BOOK & BLOG
January 13, 2008
Books of the Week: DEAD TO ME by Anton Strout, WINTERBIRTH by Brian Ruckley, HOLE IN ONE by Catherine Aird
My first B&B of the new year! I know my last one wasn’t on the website until 2008, due to our continuing problems with the changeover, but I wrote it in 2007.
I started my 2008 reading life in a happy way with an ARC of DEAD TO ME, the first novel by Anton Strout. DEAD TO ME will be on the bookshelves in late February. Though it has a few “first book” aches and pains, DTM is a jaunty adventure about a psychometrist, Simon Canderous. Simon can sense clues about the owners of an item by holding it. He’s had a past as a petty criminal, but now he’s ranged himself with the forces of good, and he gets lots of on-the-job training. I blurbed this book; it’s a fun read, and I look forward to watching Strout and Simon as they gain confidence in their new jobs.
Right now I’m in the middle of WINTERBIRTH (Brian Ruckley). On the spine it says, “The Godless World, Book One,” and when I checked on Amazon I saw that the second book, BLOODHEIR, will be out next June. It may take me until then to finish the first book, because believe me, it’s long. But you fantasy readers need to saddle up, because WINTERBIRTH is very good, and Ruckley achieves the almost impossible task of establishing the characters so well that it’s not too difficult to keep them separate. Given the scope of the book, that’s amazing. This is a book with little or no tinge of romance; it’s classic fantasy.
Just to make myself happy, I gave into temptation and read a book by Catherine Aird. She’s long been one of my very favorite mystery writers, and I’d been hoarding HOLE IN ONE. For those of you who haven’t yet read Aird, she’s an English mystery writer whose books are set in the fictional town of Berebury in the fictional county of Calleshire. Detective Inspector C.D. Sloan and his perpetual sidekick, the impossible Detective Constable Crosby, are called to the private golf club when a body is found buried in a sandtrap. Unfortunately, their boss, Superintendant Leyes, is a member of the club and wants the mystery solved tout suite so he can tee off. Though HOLE IN ONE can’t rival some of Aird’s earlier books (A LATE PHOENIX springs to mind), any Aird is worth reading.
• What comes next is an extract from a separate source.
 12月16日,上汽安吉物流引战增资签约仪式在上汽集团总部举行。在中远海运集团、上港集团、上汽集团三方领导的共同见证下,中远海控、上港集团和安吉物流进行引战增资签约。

In reading a huge panorama like WINTERBIRTH, I find myself looking for someone to root for. There’s a core character I bond with, and that’s the characters whose movements I follow through the book with the most interest. In this case, it’s young Orisian, who’s the equivalent of a prince. Now that I’m in the middle of the book, Orisian is in a lot of trouble. He’s watched his dad and many of his friends being killed, and he’s on the run and will surely be put to death if he’s caught. But he’s still got one faithful guardian, and he’s been healed of his wounds by a mysterious and largely unfriendly people. Why did I pick Orisian to back? Well, he’s sixteen, which engages my sympathy, and he’s lost his family, which engages my sympathy even more. He seems a little more open-minded than a lot of his peers. Why’d I pick Orisian over his sister Anyara, who has just as much right to my sympathy? So far, Anyara hasn’t done anything heroic; in fact, she’s behaved pretty much like a normal young woman, if that young woman was held hostage by her family’s foes. Anyara doesn’t seem brighter or more determined than her captors. (I’m cautiously optimistic that she’ll survive, though.)
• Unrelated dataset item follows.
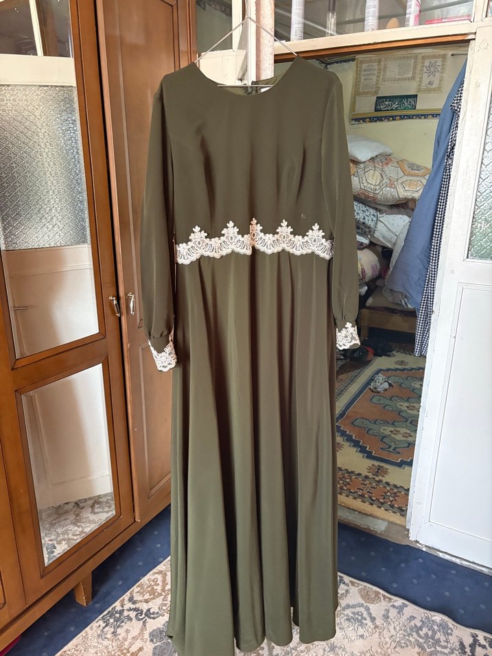 Haki renkli, uzun kollu, dökümlü kesime sahip bu elbise, yakasında kesik yakalı ve bel ile kollarında nakış detayları bulunur. İpek gibi dokusuyla mütevazı ve vintage tarzlara uygundur, düğün için idealdir.

In every book I read, I seem to look for someone to care for, someone who seems admirable or at least interestingly NOT admirable. If I can’t find a protagonist, or even a subsidiary character, who speaks to me, then I usually set aside the book. Though Hannibal Lector is a fascinating monster, SILENCE OF THE LAMBS was “made” by Clarice Starling. In Jeff Lindsay’s “Dexter” books, Dexter, too, is a monster, but with a few interesting twists that make us root for him. Lindsay’s effectively engaged our emotions; we want Dexter to be free, though he’s a serial killer.
I haven’t ranged that far to the dark side yet. My protagonists all have something about them to admire, or at least I think so. Aurora Teagarden is thoughtful, kind, and dutiful. Lily Bard is ferociously loyal (and ferocious). Sookie Stackhouse is hard-working, optimistic, and determinedly cheerful. Harper Connelly has a clear view of her life and has succeeded in that life despite overwhelming odds.
On the Femmes Fatales website, my colleague and fellow Femme Mary Saums has written about the love we give the characters we admire. I think that’s very true. We use them up as examples of what is good; we may even wonder what they would have done with faced with our own problems. Fictional characters are by definition limited to the pages of the book in which they figure, but we extend their lives by holding them in our hearts. That’s all a writer can ask for.